As commercial banks posted a profit-after-tax of about GH¢9.7 billion, a 46.1% jump compared to GH¢6.7 billion recorded during the same period in 2024, private sector credit-to-Gross Domestic Product (GDP) gap remained negative at all-time in the first eight months of 2025.
According to the September 2025 Monetary Policy Report, the sector posted gains across all income lines, with other income surging 47.3% in August 2025, reversing a 2.9% contraction recorded a year earlier.
Other indicators, such as net interest income rose 21.8% to GH¢19.2 billion, up from GH¢16.9 billion in August 2024, driven by a slowdown in interest expenses due to lower interbank lending rates. On a year-on-year basis, interest income increased 21.5% to GH¢29.3 billion, while interest expenses climbed to GH¢10.2 billion from GH¢8.4 billion, representing 20.9% growth — slightly below the 22.1% growth in August 2024.
Overall, profitability indicators strengthened, with return-on-equity (ROE) increasing from 31.4% in August 2024 to 32.2% in August 2025, and return-on-assets (ROA) improving from 4.9% to 5.6% over the same period — underscoring the industry’s robust recovery and stronger balance sheet performance.
Private sector credit-to-GDP gap at all time low
Although, the Banking Sector Soundness Index was significantly above the long-term trend, nearing the pre-DDEP level, reflecting an improving solvency positions, adequate liquidity and strong earnings performance. However, the private sector credit-to-GDP gap is at an all-time low.
The ratio is another measure of macro-financial risk. A positive credit-to-GDP gap indicates that total private sector credit extension relative to the size of the economy is above its long-term trend and vice versa.
“Ghana’s credit-to-GDP remains negative and declining, suggesting the need for measures to promote credit delivery to support the real economy”, the central bank disclosed in its September 2025 Monetary Policy Report.
NPLs ratio expected to improve
The Bank reported that the non-performing loans ratio, though marginally improved, remained elevated.
That notwithstanding, the report said the ongoing macroeconomic recovery, supported by the implementation by banks on how to reduce Non-Performing Loans (NPLs), should help moderate the build-up of new non-performing loans and improve overall asset quality.

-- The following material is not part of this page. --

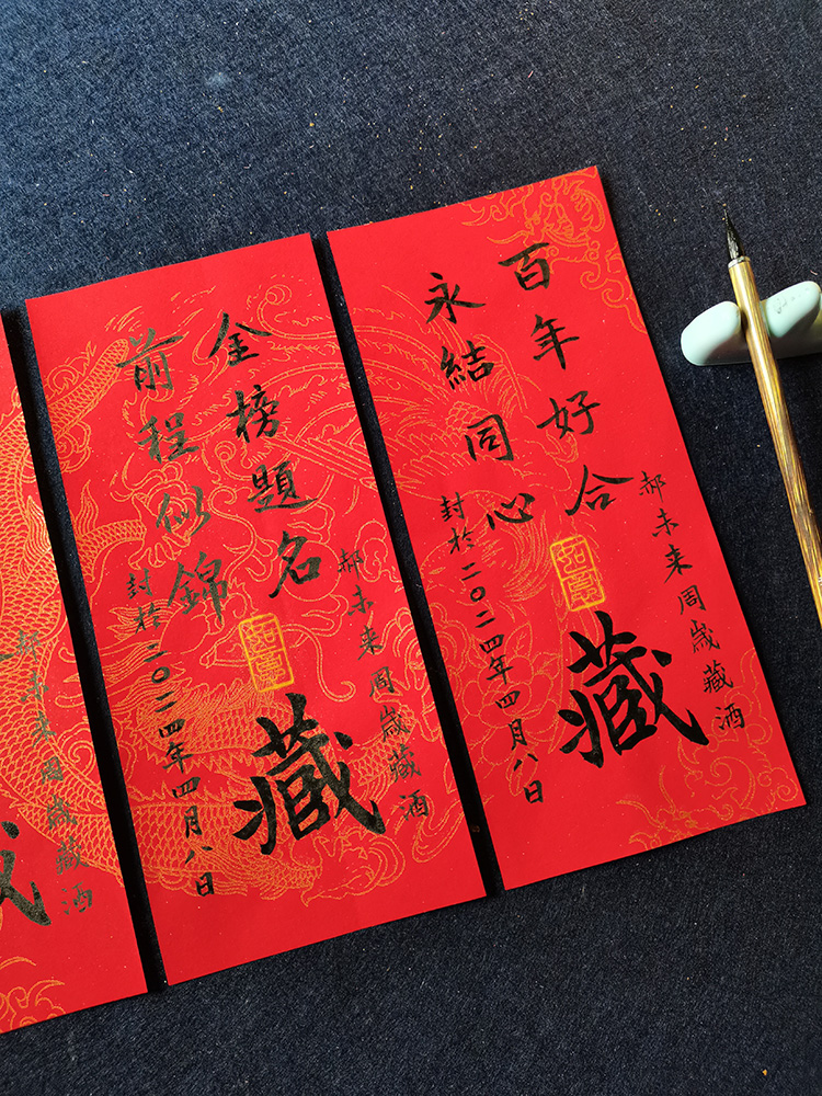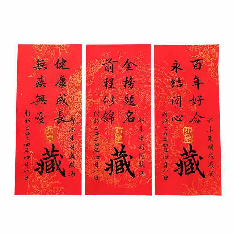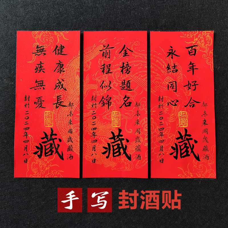 ✅ Узор дракона и феникса, наклейка на винную печать на один год, чистая рукописная кисть, каллиграфия, индивидуальный полнолуние, сто дней, банкет, памятная печать на бутылке вина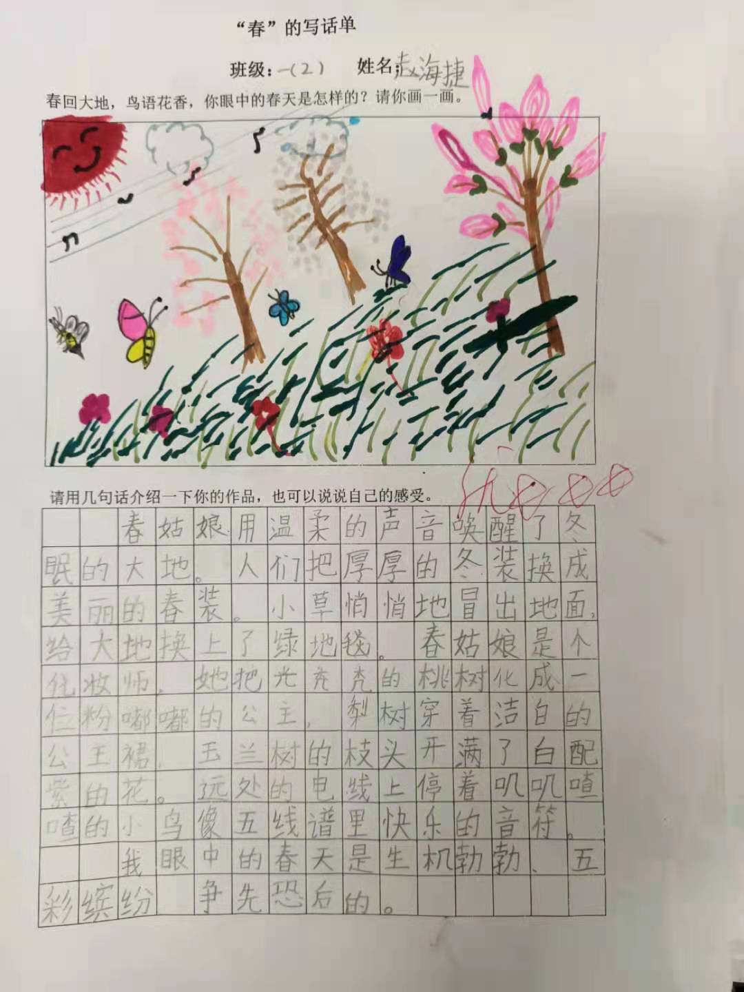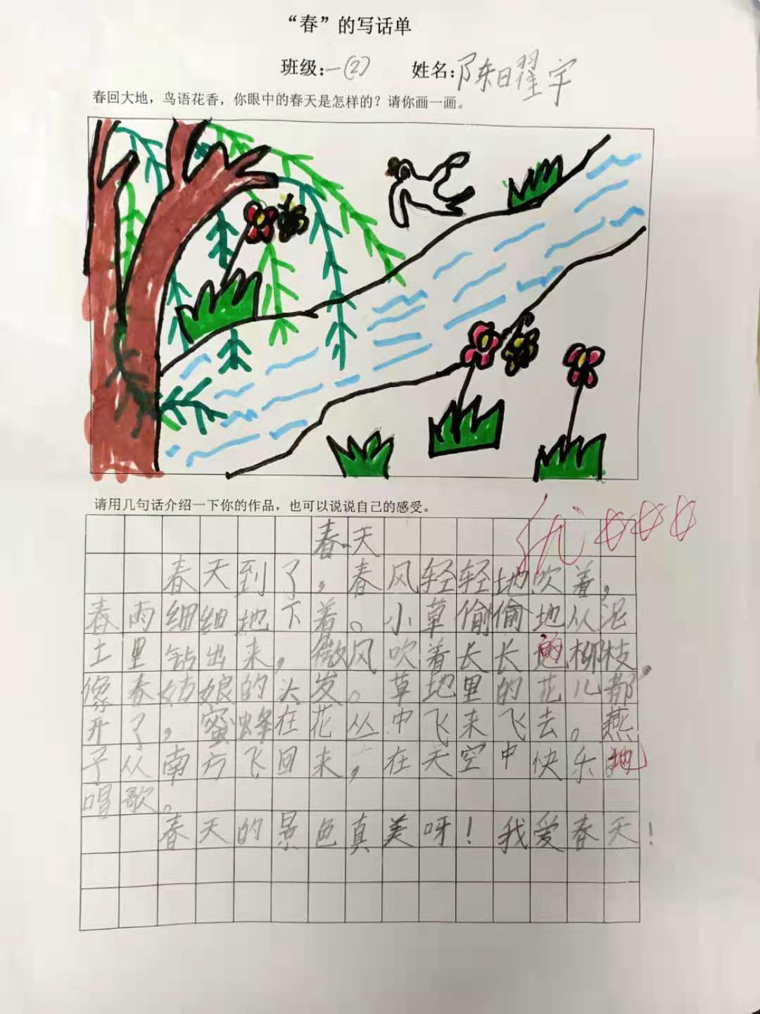 上交作业了, 孩子们一张张图文并茂的作业纸展现在我眼前,让我耳目一新,不胜欢喜,那里有青青的小草,粉红的桃花,碧绿的柳枝,快乐的小鸟,飞舞的蝴蝶…… 让我们一起来欣赏吧!

However, provisions for depreciation, bad debts, and impairment losses contracted sharply by 46%, against a 19.2% contraction in 2024, on account of higher recoveries and write-offs.
The report further noted that net fees and commissions grew 13.1% by August 2025, down from 22.9% a year earlier, while overall net operating income expanded by 28%, compared to 10.9% growth in 2024.
Operating expenses also increased moderately, rising 19.5% compared to 18.9% in the previous year, reflecting marginal growth in staff and administrative costs.